Our results. Our ActorObserverNet further improves over the state-of-the-art two-stream network by 3.2%. This shows that our model can transfer knowledge effectively from the third-person to the first-person domain.

To further analyze whether the gain in performance is due to a better network, or third to first-person transfer, we evaluated our network on the Charades test set. It achieves 23.5% on third-person videos, which is only 0.7% higher than the original model, which suggests that the performance gain is mainly due to the new understanding of how third-person relates to first-person view.

5. Summary

We proposed a framework towards linking the first and third-person worlds, through our novel Charades-Ego dataset, containing pairs of first and third-person videos. This type of data is a first big step in bringing the fields of third-person and first-person activity recognition together. Our model learns how to jointly represent those two domains by learning a robust triplet loss. Semantic equivalence in data allows it to relate the two perspectives from different people.
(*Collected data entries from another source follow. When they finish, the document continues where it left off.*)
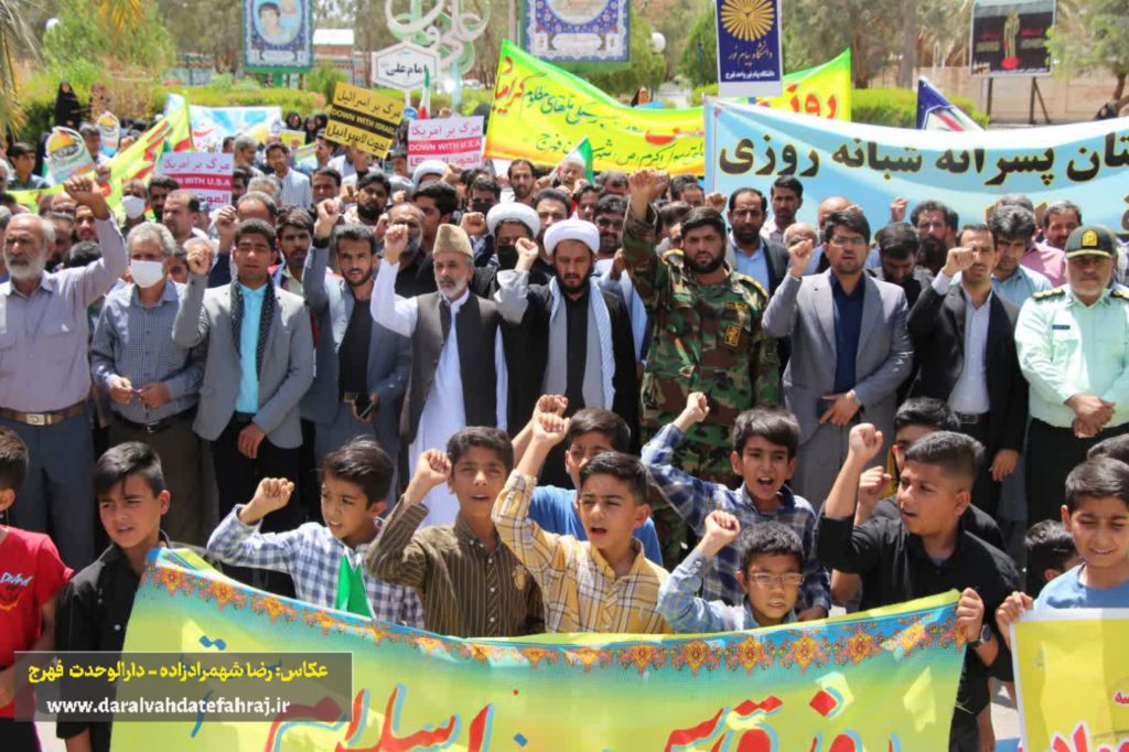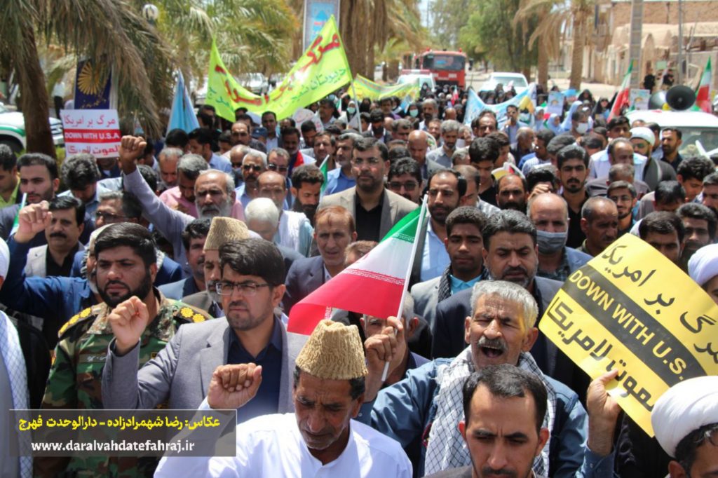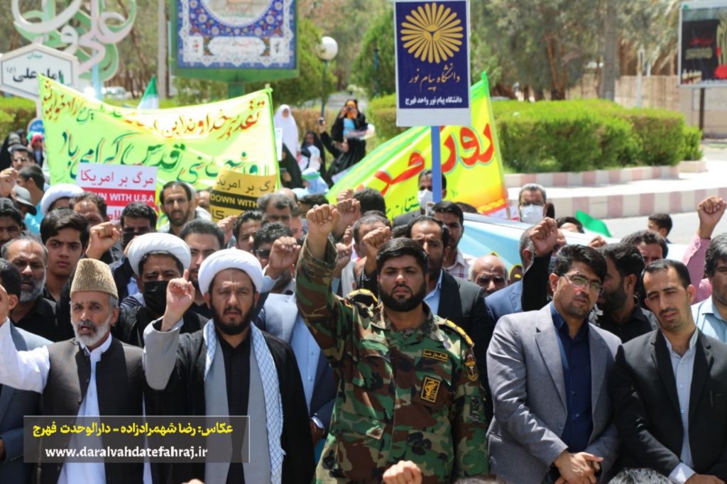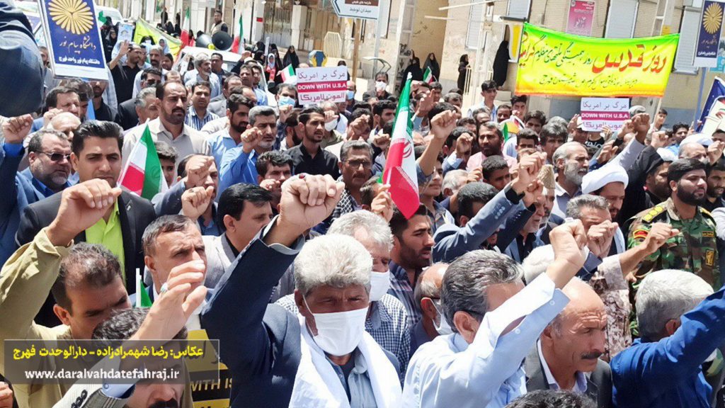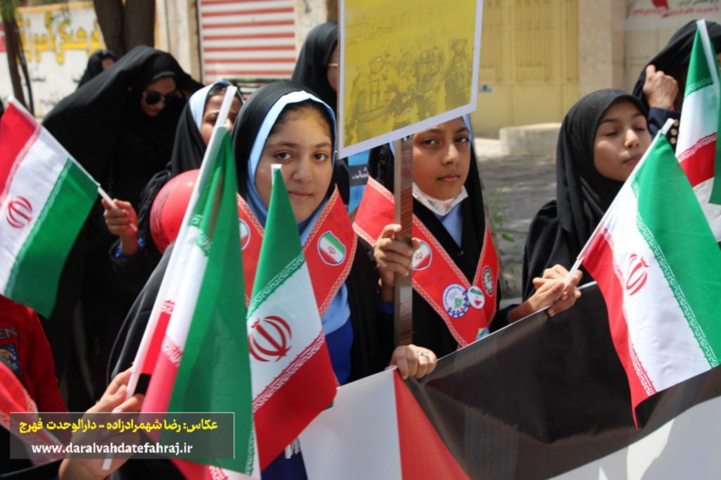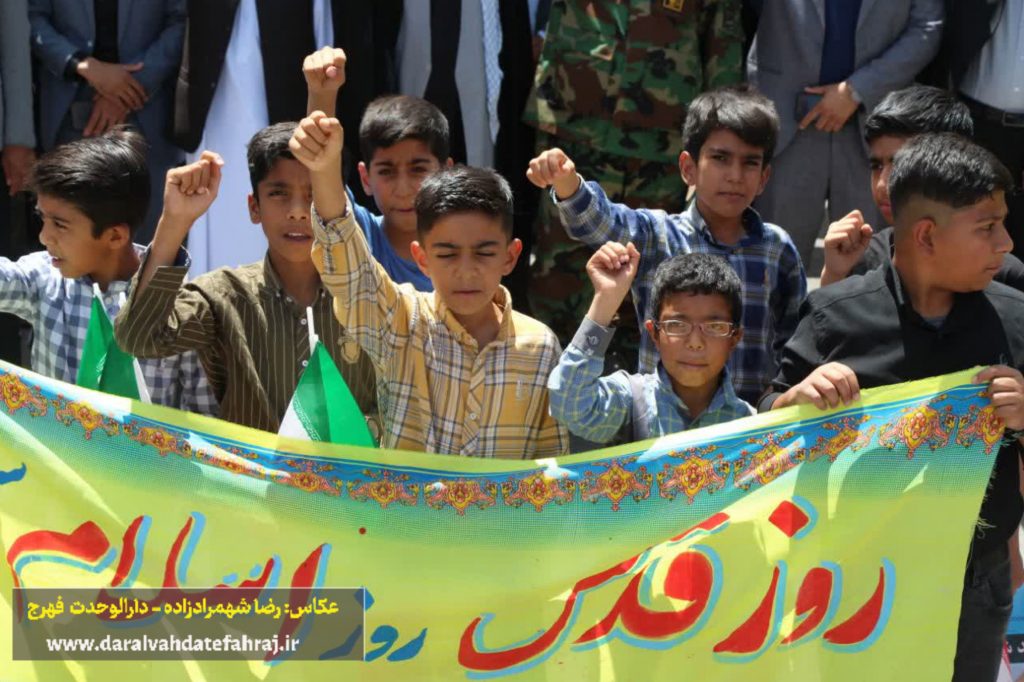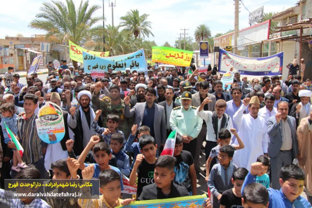 به گزارش پایگاه خبری دارالوحدت فهرج؛ پیش از ظهر امروز و همزمان با سراسر کشور، مردم مومن، خداجو و روزهدار فهرج با حضور باشکوه و گسترده خود در راهپیمایی روز جهانی قدس، دین خود را نسبت به مردم مظلوم فلسطین ادا کرده و جنایات رژیم کودک کش صهیونیستی را بار دیگر محکوم و از آن ابراز انزجار کردند.
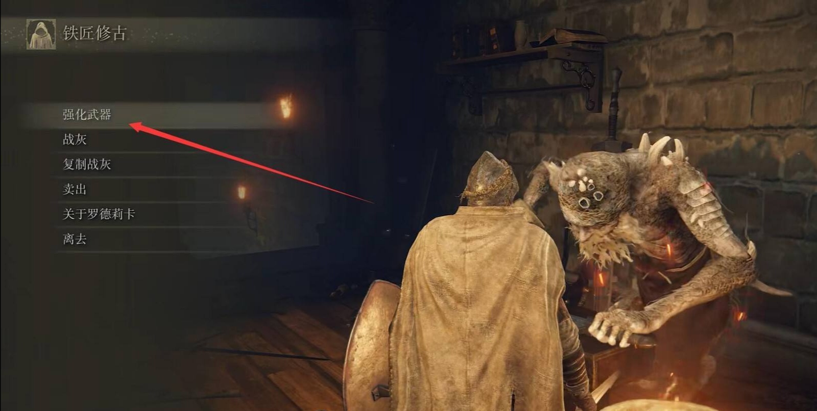 首頁 艾爾登法環 問答 艾爾登法環升級武器在哪? 2022-07-20 1.打開遊戲,選擇點擊傳送到達大賜福位置。2.傳送後即可進入到圓桌廳堂位置。3.隨後進入到右側的房間中。4.進入房間找到一個鐵匠npc。5.選擇點擊與其交談,點擊左側的位置,如下圖所示。
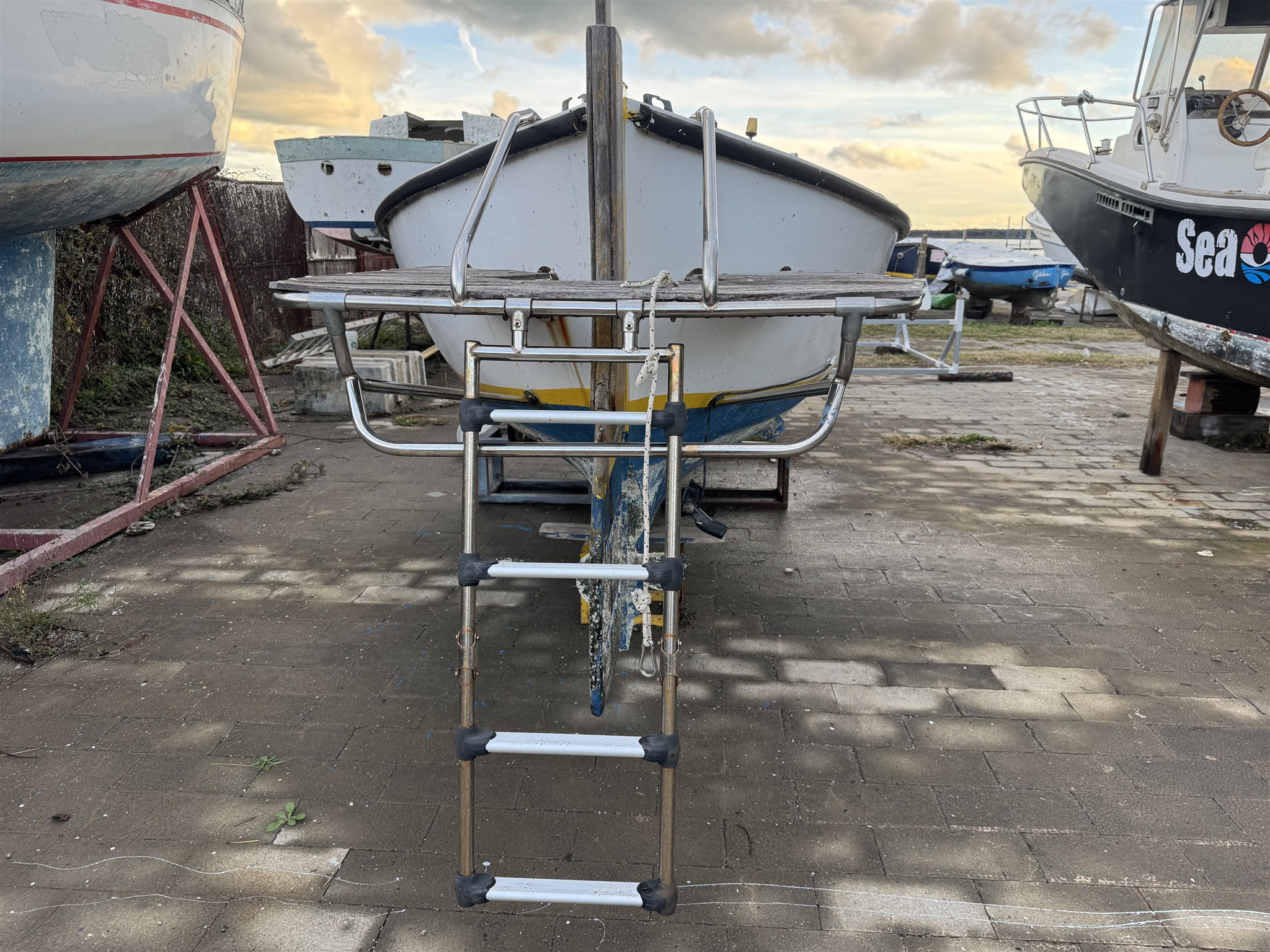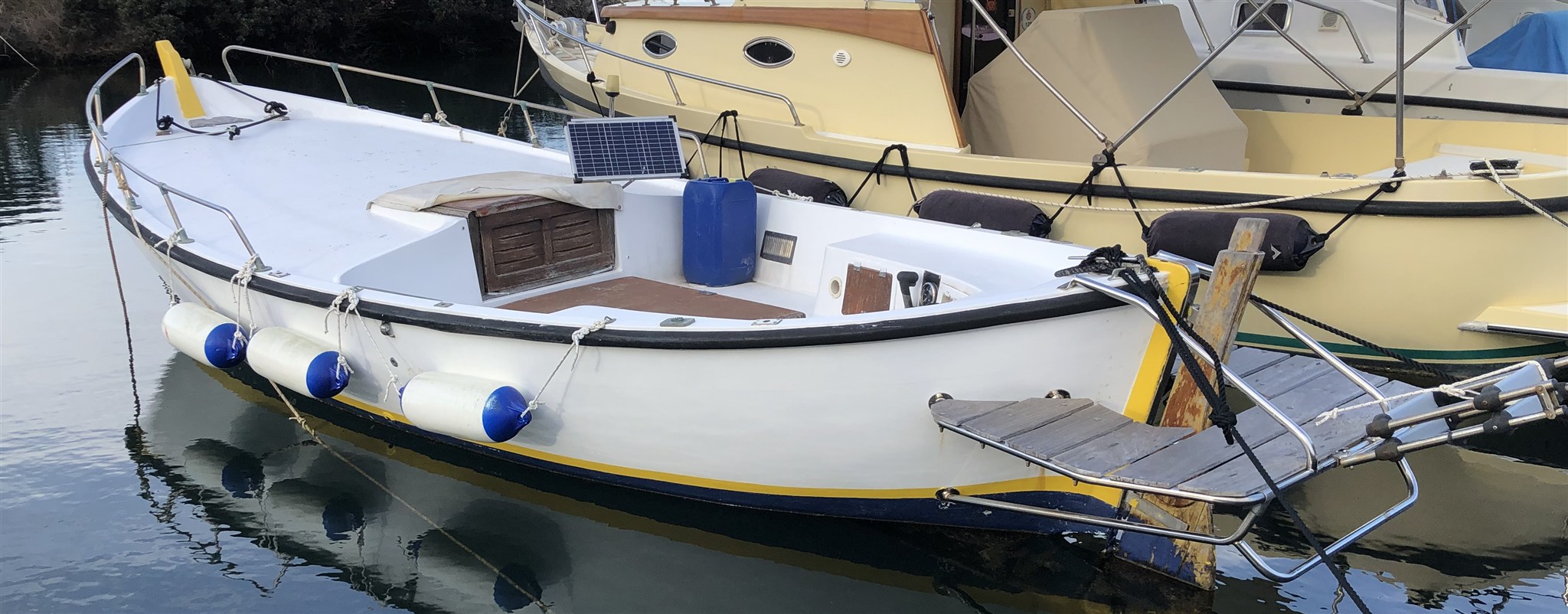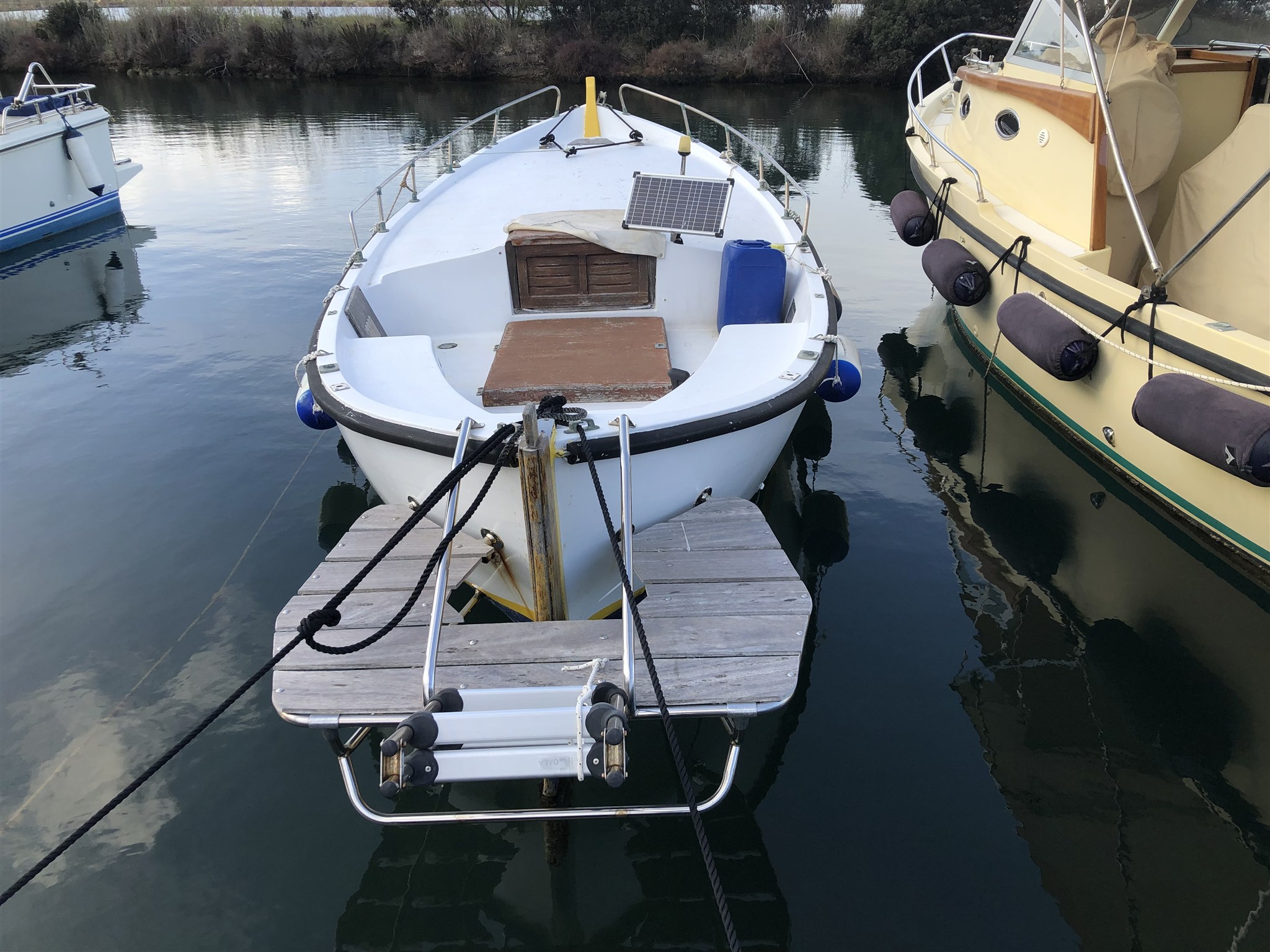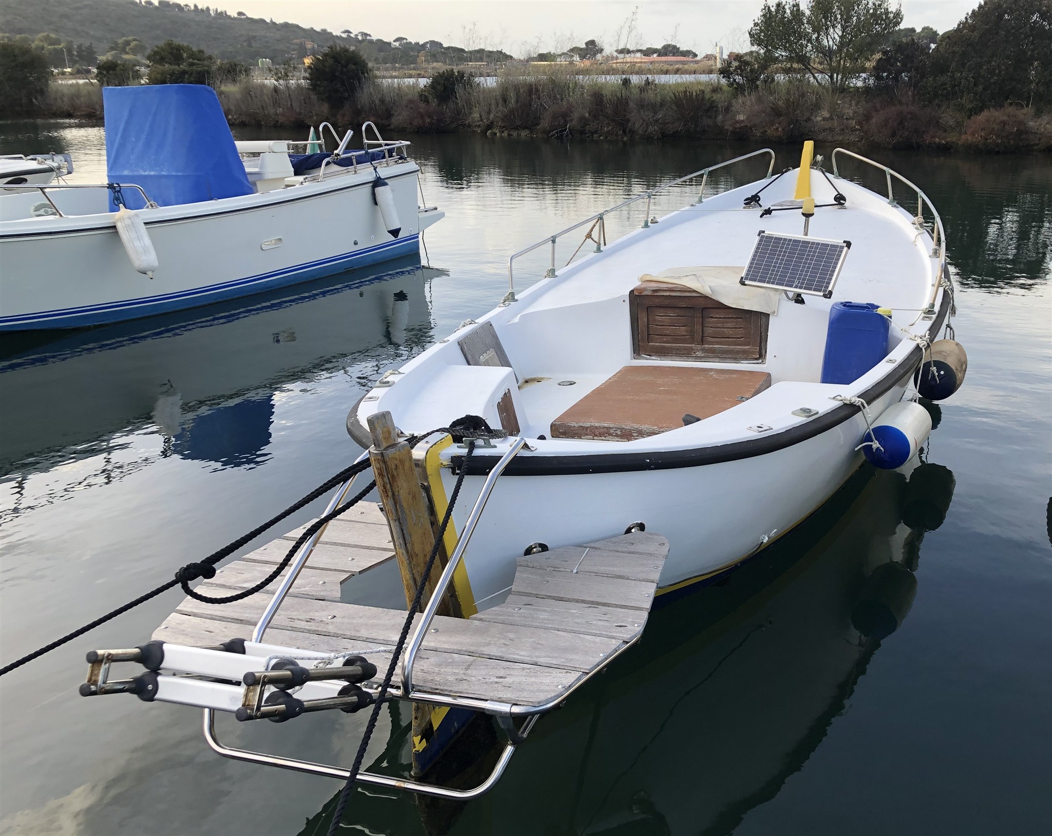 Moteur Lombardini à 0 heure. Coussins 2022. Plate-forme de bain en acier inoxydable avec échelle de 2020. 2 auvents. Panneau solaire. Cabine confortable

Our results on mapping third-person to first-person, alignment of videos from the two domains, and zero-shot first-person action recognition clearly demonstrate the benefits of linking the two perspectives.

* We compensated AMT workers $1.5 for each video pair, and $0.5 in additional bonus.† Since the scripts are from the Charades dataset, each video pair has another third-person video from a different actor. We use this video also in our work.